Концом палки Йоэль раскидывал песок. Конечно, все это должно разрешиться чем-то! Но откуда, как придет разрешение? Долго ли просидишь так рядышком, держась за руки? Впереди было будущее, которое нужно было начать строить, но Йоэль даже планировать его не умел. У него и интереса не было к этому. Инстинктивно он чувствовал, что любое подведение здания под крышу означает удаление архитектора от построенного им дома. Что он должен был сделать? Пренебречь этими прекрасными мгновениями, которые можно было беспечно срывать каждый день? Или решительно и безвозвратно отнять эту женщину от другого? А это означало пойти к пастору и сказать ему по чести: «Милый человек, ваша жена принадлежит мне, хотите вы этого или не хотите. Вы воспитаны в духе корпорации и, может быть, вызовете меня на дуэль, считая, что этого требует приличие...» Но сможет ли пастор Нийнемяэ навести на меня пистолет? Нет, для этого он слишком христианин. Возможно, этот бедняга отдаст свою жену, не прибегая к оружию, из* чисто христианской любви к ближнему, в зародыше подавляя в себе всякое себялюбие? Но тогда Реэт станет жалко этого человечка. И проиграет опять-таки Иоэль. Но и доставив себе минутное удовольствие, уйти потом восвояси,
этого Йоэль также не мог желать, так как корни душевной близости проникли уже слишком глубоко.

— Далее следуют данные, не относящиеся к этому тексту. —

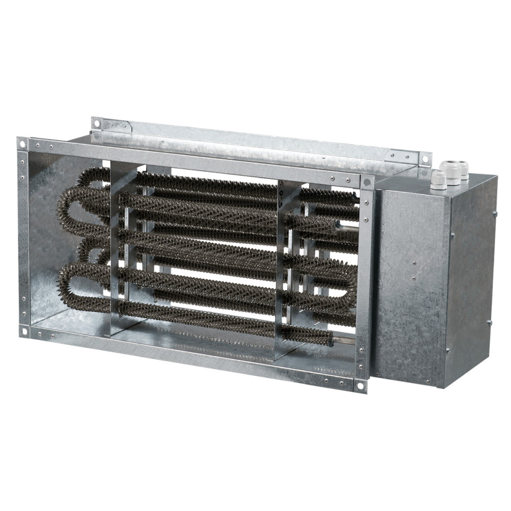 Електричний нагрівач Вентс НК 500х250-21,0-3 складається з корпусу, комутаційної коробки і нагрівальних елементів з нержавіючої сталі, забезпечених додатковим обребренням для збільшення площі теплообміну. Канальні нагрівачі НК обладнані двома термостатами захисту від перегрівання:
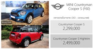 ราคาอย่างเป็นทางการ MINI Countryman F60 (SKD) : 2,299,000 – 2,499,000 บาท (ถูกลง 460,000 บาท)
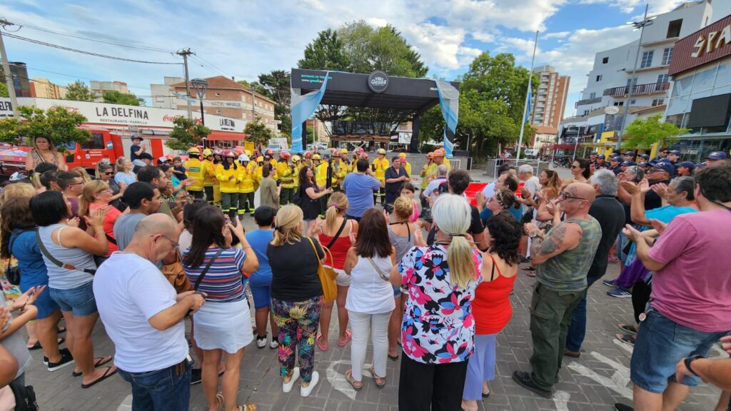 Los bomberos Voluntarios de Villa Gesell realizaron un encuentro ayer en la Plaza Primera Junta esta tarde para remarcar su repudio a los lamentables dichos de Sergio Federovisky, vice ministro de Ambiente de Nación. En funcionario nacional tuvo expresiones maliciosas y desestimadoras respecto de la labor bomberil. Vecinos y turistas se hicieron presente y se notó la ausencia del intendente y funcionarios municipales. «Queremos que el viceministro se retracte, de la misma forma que se manifestó en un canal nacional», expresó en su mensaje Hugo Piriz, jefe del cuartel central geselino.
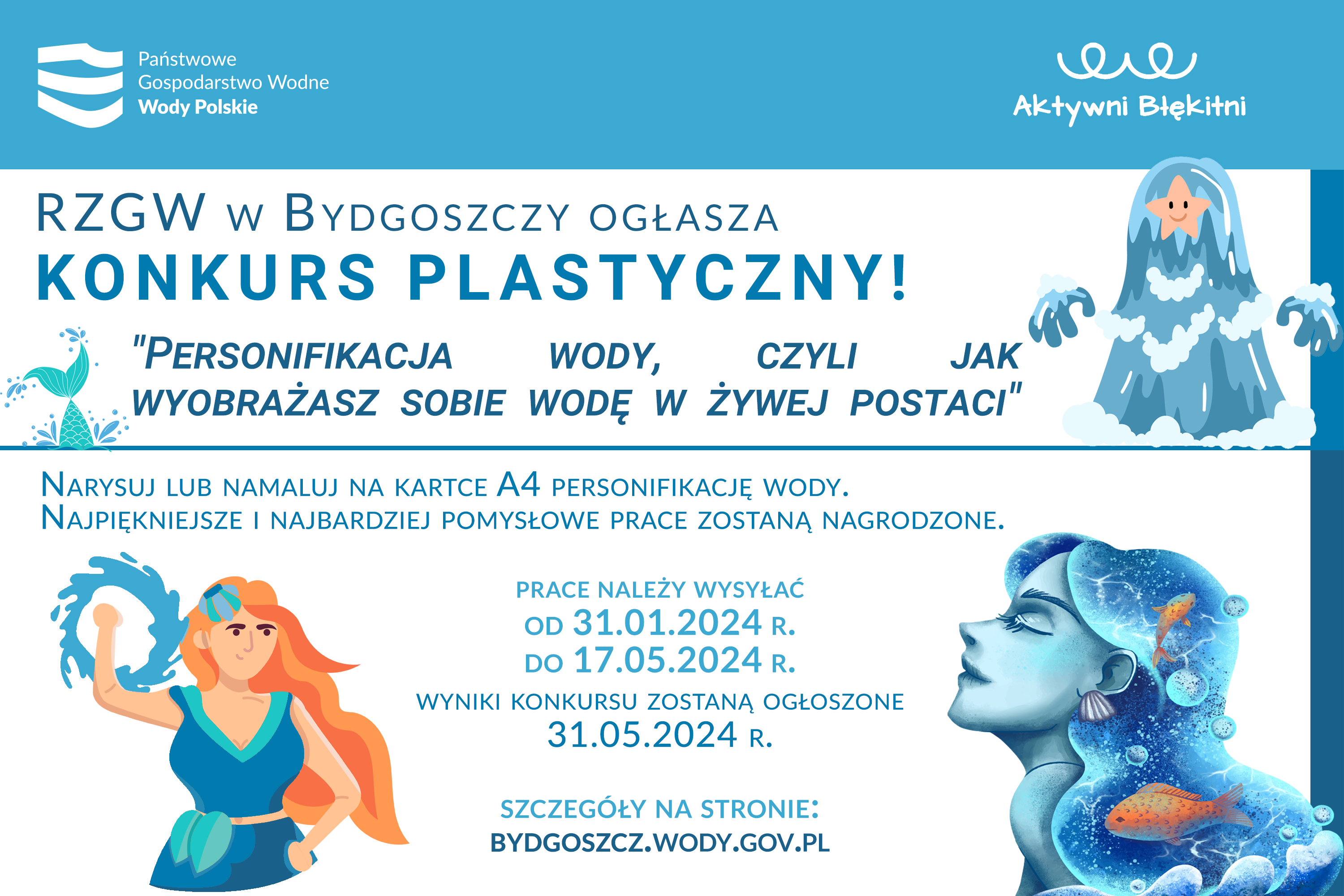 Zapraszamy serdecznie uczniów zrzeszonych w programie Aktywni Błękitni do wzięcia udziału w konkursie! Konkurs plastyczny pn. „Personifikacja wody, czyli jak wyobrażasz sobie wodę w żywej postaci” startuje dzisiaj. Na Wasze prace czekamy do 17 maja 2024 r. Ogłoszenie wyników - 31 maja 2024 r.
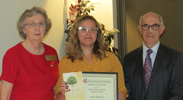 May 7, 2019 - Nancy Blankenship Grant-in Aid Award, from left, Scholarship Committee Chair Betsy Clark, Hailey Stroud, and Presenter Richard Blankenship |
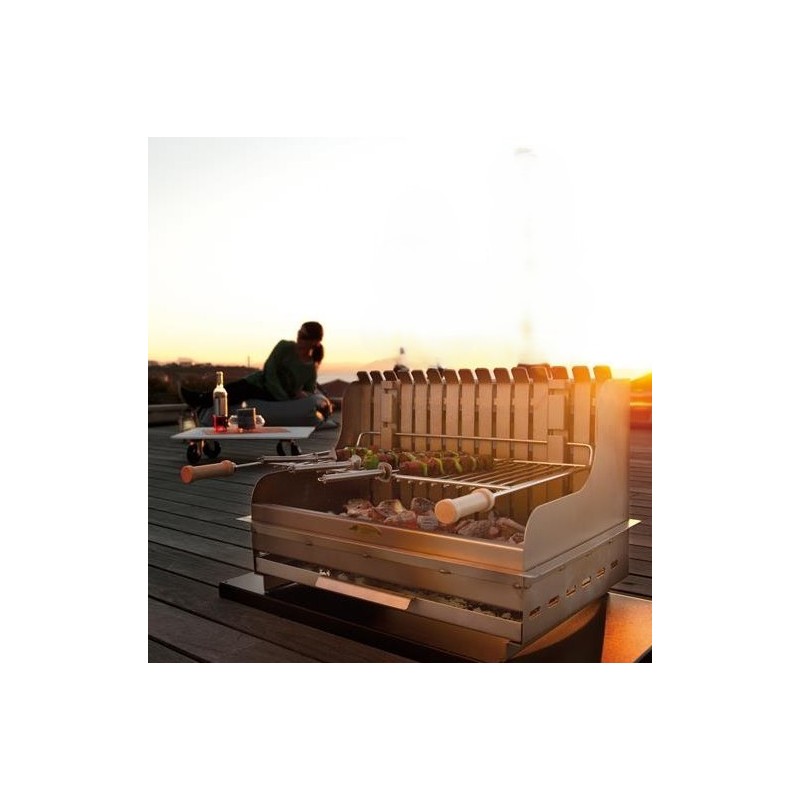 Barbecue Il marcatore Mendy Carbone incorporato in acciaio inox che resiste alla corrosione, alle intemperie, all'aria di mare ed è di facile manutenzione. La griglia 54x32 può essere integrata in un supporto o in un carrello per vivere in modo semplice e armonioso la tua cucina all'aperto.
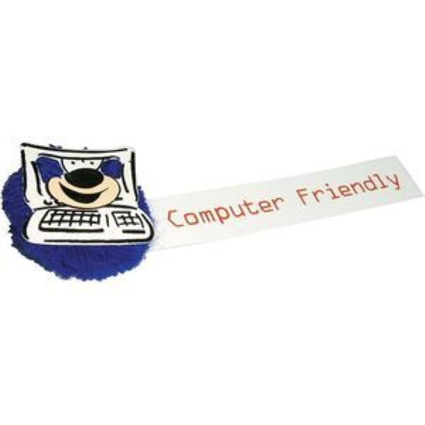 Computer Mophead Character with full colour printed ribbon and self adhesive base.
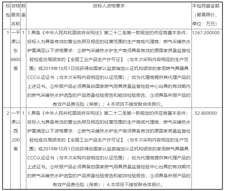 二、采購項目名稱:聊城經濟技術開發區廣平鎮2020年冬季清潔取暖所需燃氣采暖熱水爐、灶具采購項目
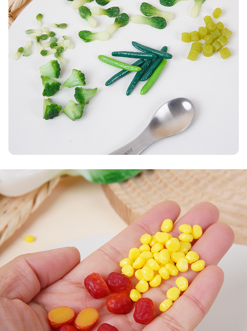 PVC 소형 음식 장난감 DIY 수제 달팽이 국수 냄비 재료 액세서리 놀이 집 장난감 수란 옥수수 야채스토어 가기
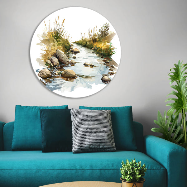 Rustige Kreek in het Landschap aluminium muurcirkel
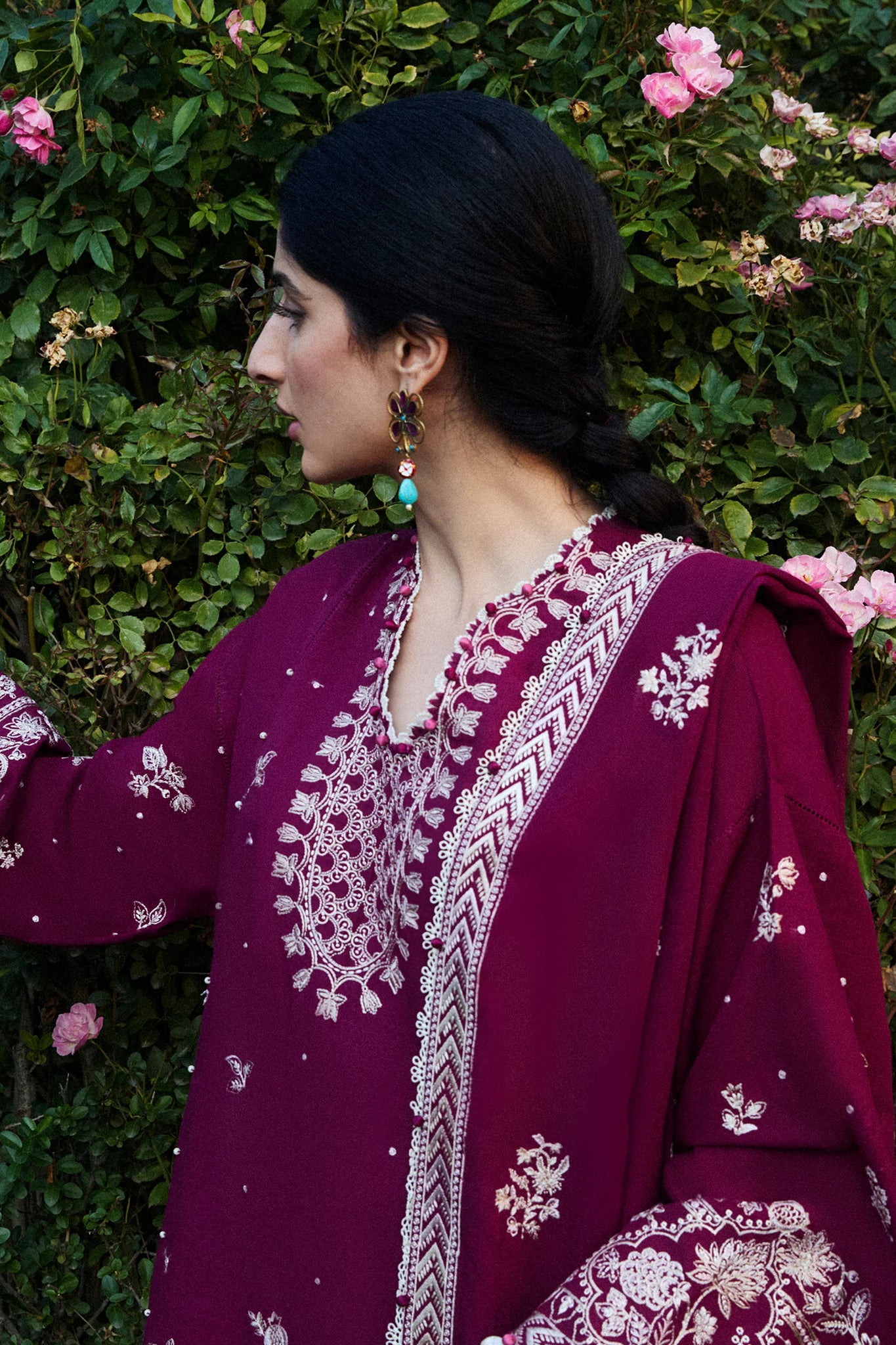 Afreen" unfolds like a winter dream, its lush magenta canvas adorned with ethereal ivory chintz embroidery that whispers of timeless elegance. This luxurious khaddar ensemble—a warm, textured shirt and trouser—wraps you in a cozy embrace, perfect for the season’s cooler days. Delicate floral vines, enchanting birds, and pomegranate motifs bloom like a vintage winter garden, evoking an otherworldly charm against the berry-hued fabric.
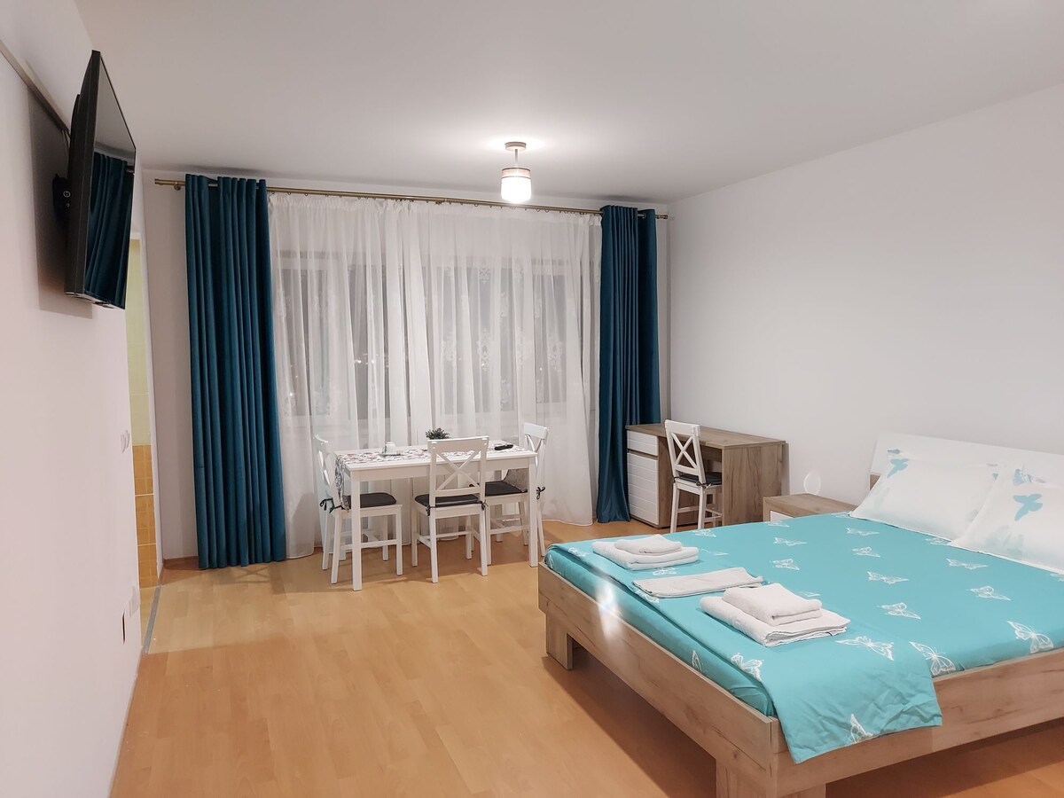 Palas Mall və Mədəniyyət Sarayının bir neçə addımlığında, Iașinin mərkəzində zərif və qonaqpərvər mənzil olan Krem Studiyasını kəşf edin. Studiya təklif edir: rahat ikinəfərlik çarpayı + birnəfərlik divan çarpayı, sürətli Wi-Fi və ağıllı televizor, tam təchiz olunmuş mətbəx, vannası olan müasir hamam otağı, istirahət üçün ayrıca balkon. Cütlüklər, dostlar və ya işgüzar səyahətçilər üçün ideal olan Krem Studiyası rahatlığı və əlverişliliyi özündə birləşdirir, Iași.serene məkanında xoş qonaqlama təklif edir.

Нет, рассуждение и взвешивание приводили лишь к сомнительным результатам. Похоже было, будто природный разум здесь проявил ревность или злорадство, вместе с тем не умея дать никакого совета.
— Ну что же дальше? — неуверенно спросил Йоэль У Реэт.
— Это вам решать! —твердо ответила Реэт, и Йоэль почувствовал в этом ответе горький упрек.
— Значит, вы не хотите, чтобы все продолжалось по-прежнему? Вам надоело? Прекрасно. Я могу уйти...
«Это не решение, а всего лишь бегство от решения»,— подумала Реэт, но ничего не сказала. Йоэль и без слов понял, что подумала Реэт. За ее покорной молчаливостью он почувствовал скрытую боль, которую причинил сам.
Через некоторое время Реэт сказала, заглядывая в глаза Йоэлю:
— Почему вы всегда так резки и неуступчивы? Я часто гляжу на вас, но вы стали таким серьезным, очень серьезным, не таким, как весной. Когда я вижу вас таким хмурым, я и сама становлюсь такой же.
— Нет, вам нельзя стать такой! Неужели я такой, как вы сказали? Я и сам не замечаю, что я такой хмурый. Это я только внешне, это мой недостаток...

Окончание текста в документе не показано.